Thursday, July 1, 2010

On changing landscapes

Up early, hiked up to Barn Bluff and took in Red Wing. Standing on that bluff you can feel how delicate life is. It was a windy day. I heard stories of people getting blown off. Looking down Red Wing looks like a child's city, you know those ones they can create out individual pieces. It is somewhat of a strenuous hike up the bluff, short but steep. I couldn't help but wonder how Thoreau managed it suffering with tuberculosis, and today there are stairs. His companion wrote that he seemed to be feeling better. I'm not sure he was healing, but perhaps the fresh air improved his mood and spirits, and after all he did love nature. Being in nature would lift anyone's mood I believe.

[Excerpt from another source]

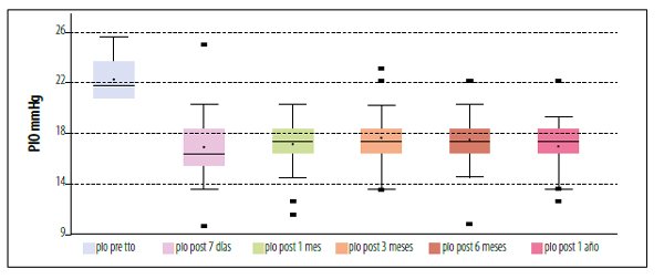 El mayor descenso de la PIO se observó a los siete días posteriores a MDLT. A los tres meses se observó un incremento no significativo en relación a la medición del séptimo día (p=0,08). La PIO tuvo una rápida y significativa disminución que se mantuvo a los doce meses con valores de PIO media 16,48 ± 2,21 (IC 95% 15,64-17,32), lo que significa que hubo una disminución del 26,83% de PIO (fig. 1).

Driving up to St Paul the change in landscape came to mind. How the terrain and landscape has changed over the last thousand miles since I left eastern Pennsylvania. The farms and change in landscape it seems have impressed me the most. I'm not a highway person. I prefer to stay on back roads when ever possible. Not only because there is usually less traffic, but the scenery is always captivating and offers photographic opportunities not possible on a busy highway.

At Indian Mound Park I walked around the mounds and to Carver's Cave that Thoreau mentions, but incidentally is no longer there but consumed by modern society and vandals. Here, looking at St. Paul and watching the eagles soar I began thinking about the landscape and the changes of time and place I have observed over the last week.

The farms and unused land are probably the most captivating to me. Driving through the Berks and western Pennsylvania the farmland and forests. Into Ohio, which is pretty much like Pennsylvania, the untouched land. The land preserved in Ohio for the history of the original people of this country. Their mounds and areas they are believed to have lived and roamed. Southern Ohio's caves and parks and pristine land. From Ohio to Chicago was probably the most varied. In the morning I walked through the caves in a secluded park and ended the day in a large metropolitan area.

Ohio's farmland, cows, and horses give way to Indiana farmland and wind farms. Driving past the farms makes one wonder with all the farmland why are American's going hungry? Why are we growing corn for fuel and not for the less fortunate? Fuel is more important than feeding children?

The wind farms in Indiana were fascinating to me. In Indiana there were miles and miles and acre upon acre of wind turbines. It gives me hope to see so many of them. Living with the earth.

Then I came to a halt in traffic in Gary, Indiana. I began to think about Freidman's book here. All the people in cars, and generally one person to a car.  I was thinking about a paper I wrote when I lived in California on greenhouse gases, as I looked at all the cars, many SUV's surrounding me I remembered this one film I watched doing my research. The narrator explaining how greenhouse gases choke the earth like winding up a window in a car. Sitting there I thought of this and wondered, what are we doing? And where are we headed? Is anyone concerned?

Granted I was making this journey in my car, which is a fairly economical, environmental friendly. as far as most cars go, but it would have been an interesting journey I thought if I had someway to cross the country without a car. Not flying, but a train system and other modes of public transportation that would allow me to get where I was going with out the damage to the environment.

Now that would be a walkabout!

When I approached Chicago I encountered their "tollway." Even though this road is somewhat irritating, stopping, unless you have an express pass, every couple of miles to pay a toll. Is this to deter people from driving? Clearly people aren't concerned by the show of traffic around me. Do people even think of the environment when they are driving through these tolls, or are they just irritated by the inconvenience of it all?

After leaving Chicago I headed to Wisconsin, and again there was a vast change in the landscape and way of life. Back to farm land. The farms in Wisconsin were so neat. They had this comforting aspect to them. I thought how it would be interesting to talk to the people that lived there and even lend a hand for a while. Once again wind turbines began to dominate the landscape. The farms were different than the ones I saw in Pennsylvania, Ohio, Iowa, Illinois and Indiana. The shape of the land changed too. More rock boulders are visible along the road way that reminded me of the highways in Connecticut and Massachusetts.

The bluffs that arose as you headed north along the Mississippi were  a striking change in the landscape. the bluffs arise out of the earth and seem to grow as you drive toward the Upper Mississippi. Maiden Rock is awe inspiring towering over head as you stand and look up at it, eagles soaring over the top.  Driving into Minnesota, the land of 10,000 lakes there appears to be water everywhere, so clean, crisp and blue. Lake City is touted to be the birthplace of water skiing. Lake City is also the first city I came across that seemed worn out. I rarely went into the larger cities or towns, but this one just struck me as being tired and worn down. The tourist areas are well kept, clean and vibrant but the back part shows a different life. Changes in lifestyle and economic base clearly visible.

Onto St. Paul and the rest of my journey west.